:: Provided data ::
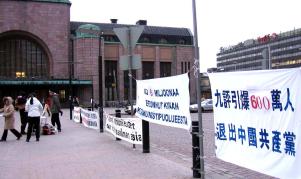 一位老年芬兰女士也问了同样的问题:你们在做什么?当明白是传·九·评*,声援退!党!时,她说,其实芬兰人民都知道这些,关键是我们的政府和官员们应出来表态。
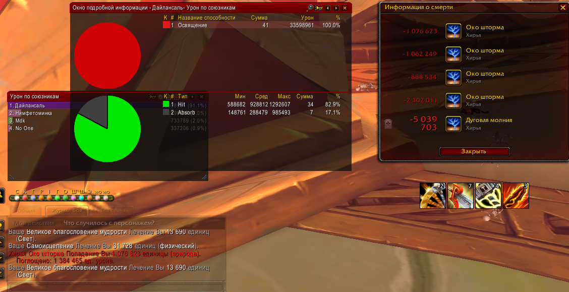 Вот еще один пример. В 17 ключе https://www.wowhead.com/ru/spell=192305/%D0%BE%D0%BA%D0%BE-%D1%88%D1%82%D0%BE%D1%80%D0%BC%D0%B0 работает не верно. Под куполом в дд прилетает 3.6 млн единиц урона, при этом поглощается только 1.3. Если подсчитать, то получается - урон от https://www.wowhead.com/ru/spell=192305/%D0%BE%D0%BA%D0%BE-%D1%88%D1%82%D0%BE%D1%80%D0%BC%D0%B0 равен 3.6 млн единиц урона. Купол поглощает 1.3 млн единиц урона. Итог - получается, что купол поглощает только одну треть всего урона, а должен поглощать 75%, согласно описанию на Вовхеде. Все цифры взяты из журнала боя, поэтому в них учитываются все афиксы ключа, бафы/дебафы на момент боя. И на одном из скриншотов видно, что https://www.wowhead.com/ru/spell=191976/%D0%B4%D1%83%D0%B3%D0%BE%D0%B2%D0%B0%D1%8F-%D0%BC%D0%BE%D0%BB%D0%BD%D0%B8%D1%8F, наносит полный урон только в одного участника, в моем случае это чуть больше 5 млн единиц хп. |
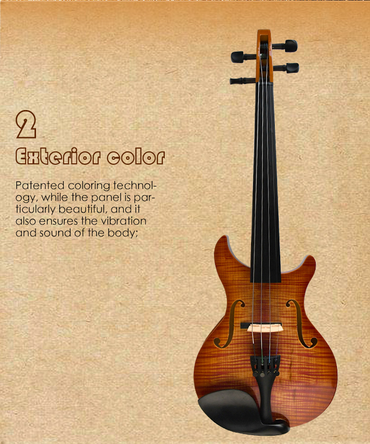1. Opatentowana technologia kolorowania, nadająca skrzypcom piękne kolory, zapewniając jednocześnie wysoką jakość dźwięku
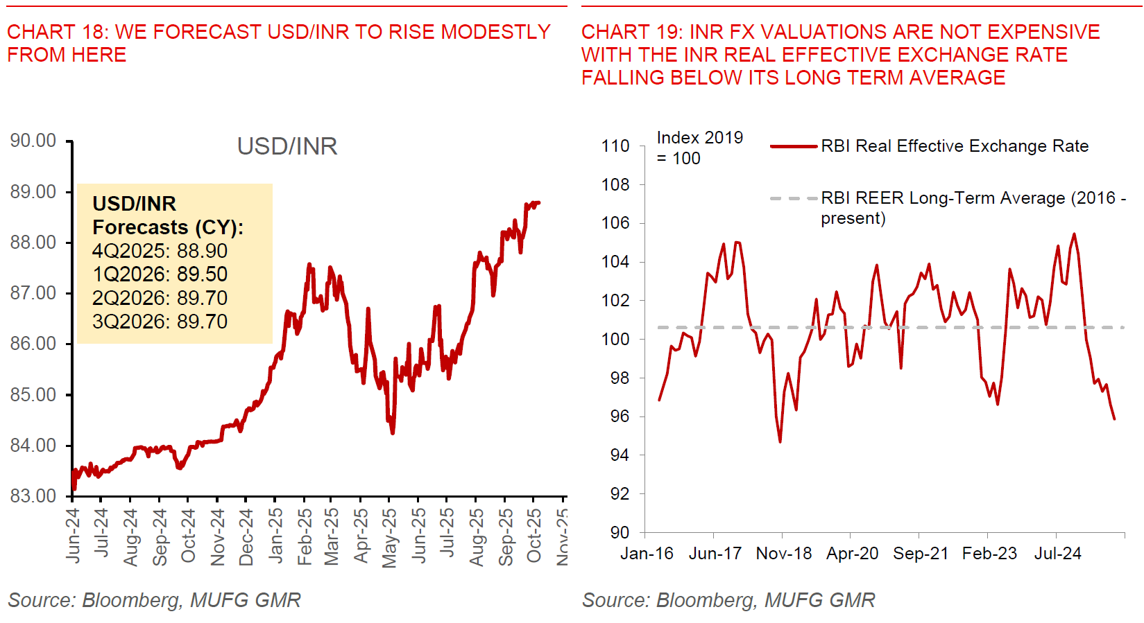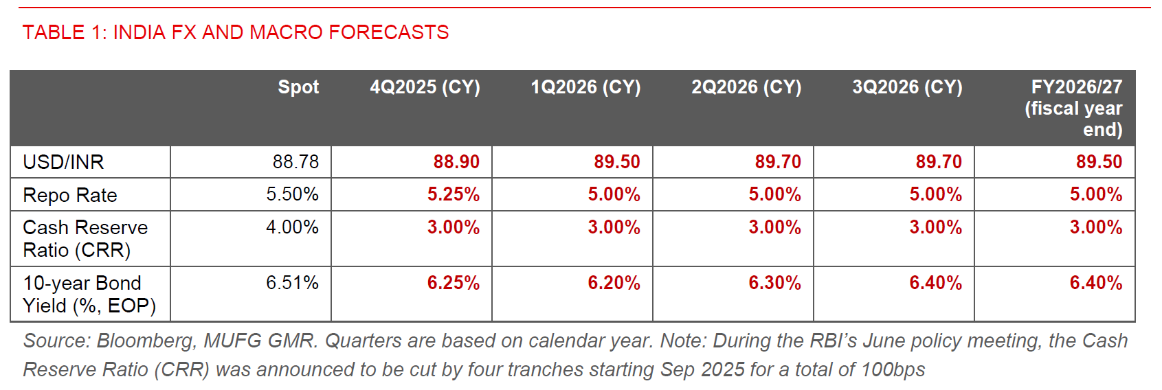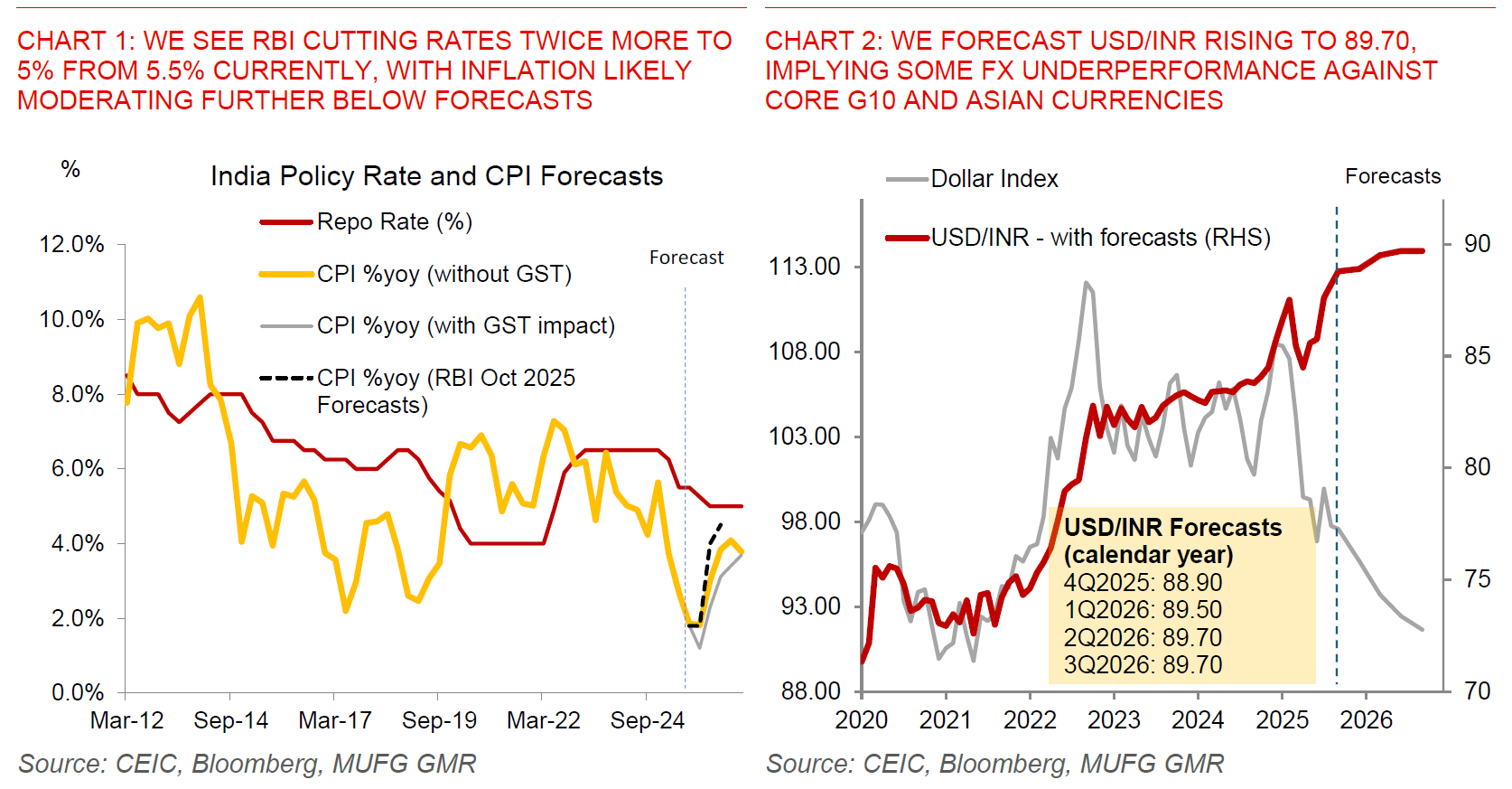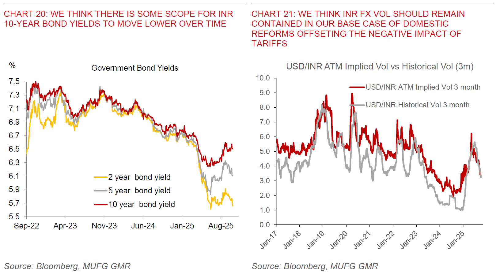 Beyond these external headwinds, our INR FX and rates forecasts also incorporate the offsetting positive impact of domestic structural reforms, including from recent GST tax cuts and simplification, together with RBI’s recent host of regulatory changes to improve credit flow and improve the ease of doing business, among other objectives.
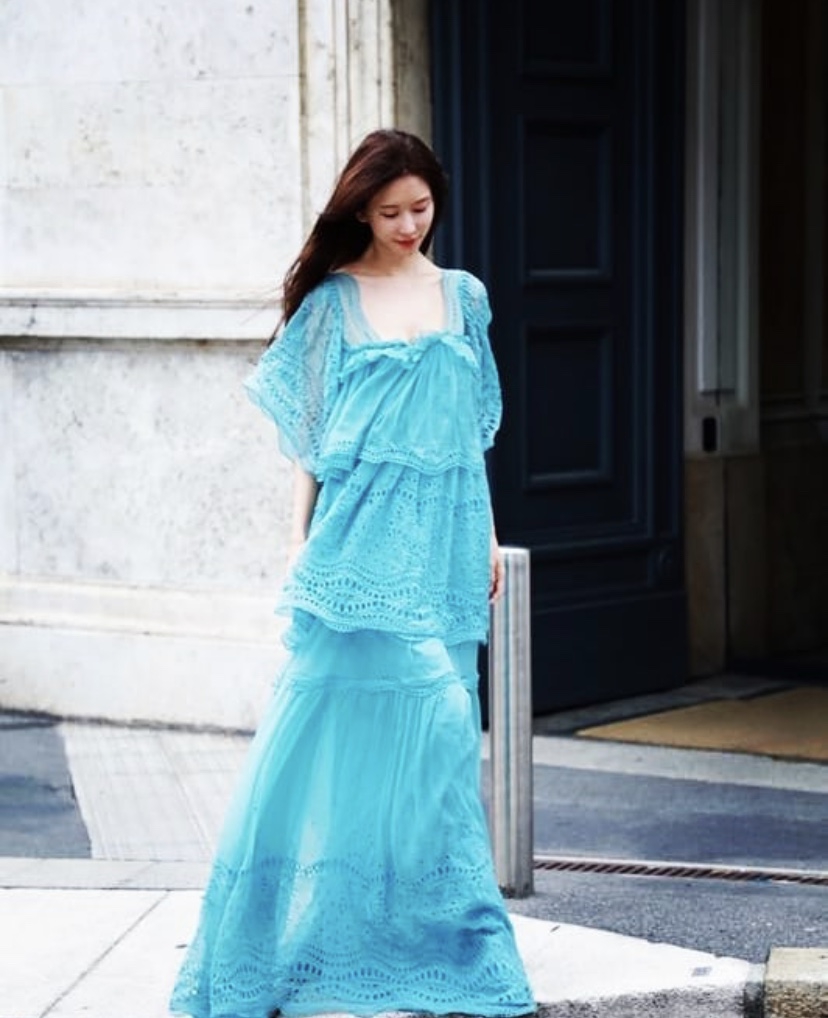 林志玲身着蓝色长裙,裙子的款式看着像睡裙,飘逸优雅,林志玲仙气十足,同时也显示出她高挑的身材。最近看到林志玲的近照,总感觉她的容貌越来越年轻,更主要的感受是变了个样子。
:::
--- Requirement ---
Repeat the data exactly, dropping every picture it holds.

--- Problem solution ---
 一位老年芬兰女士也问了同样的问题:你们在做什么?当明白是传·九·评*,声援退!党!时,她说,其实芬兰人民都知道这些,关键是我们的政府和官员们应出来表态。
 Вот еще один пример. В 17 ключе https://www.wowhead.com/ru/spell=192305/%D0%BE%D0%BA%D0%BE-%D1%88%D1%82%D0%BE%D1%80%D0%BC%D0%B0 работает не верно. Под куполом в дд прилетает 3.6 млн единиц урона, при этом поглощается только 1.3. Если подсчитать, то получается - урон от https://www.wowhead.com/ru/spell=192305/%D0%BE%D0%BA%D0%BE-%D1%88%D1%82%D0%BE%D1%80%D0%BC%D0%B0 равен 3.6 млн единиц урона. Купол поглощает 1.3 млн единиц урона. Итог - получается, что купол поглощает только одну треть всего урона, а должен поглощать 75%, согласно описанию на Вовхеде. Все цифры взяты из журнала боя, поэтому в них учитываются все афиксы ключа, бафы/дебафы на момент боя. И на одном из скриншотов видно, что https://www.wowhead.com/ru/spell=191976/%D0%B4%D1%83%D0%B3%D0%BE%D0%B2%D0%B0%D1%8F-%D0%BC%D0%BE%D0%BB%D0%BD%D0%B8%D1%8F, наносит полный урон только в одного участника, в моем случае это чуть больше 5 млн единиц хп. |
1. Opatentowana technologia kolorowania, nadająca skrzypcom piękne kolory, zapewniając jednocześnie wysoką jakość dźwięku
 Beyond these external headwinds, our INR FX and rates forecasts also incorporate the offsetting positive impact of domestic structural reforms, including from recent GST tax cuts and simplification, together with RBI’s recent host of regulatory changes to improve credit flow and improve the ease of doing business, among other objectives.
 林志玲身着蓝色长裙,裙子的款式看着像睡裙,飘逸优雅,林志玲仙气十足,同时也显示出她高挑的身材。最近看到林志玲的近照,总感觉她的容貌越来越年轻,更主要的感受是变了个样子。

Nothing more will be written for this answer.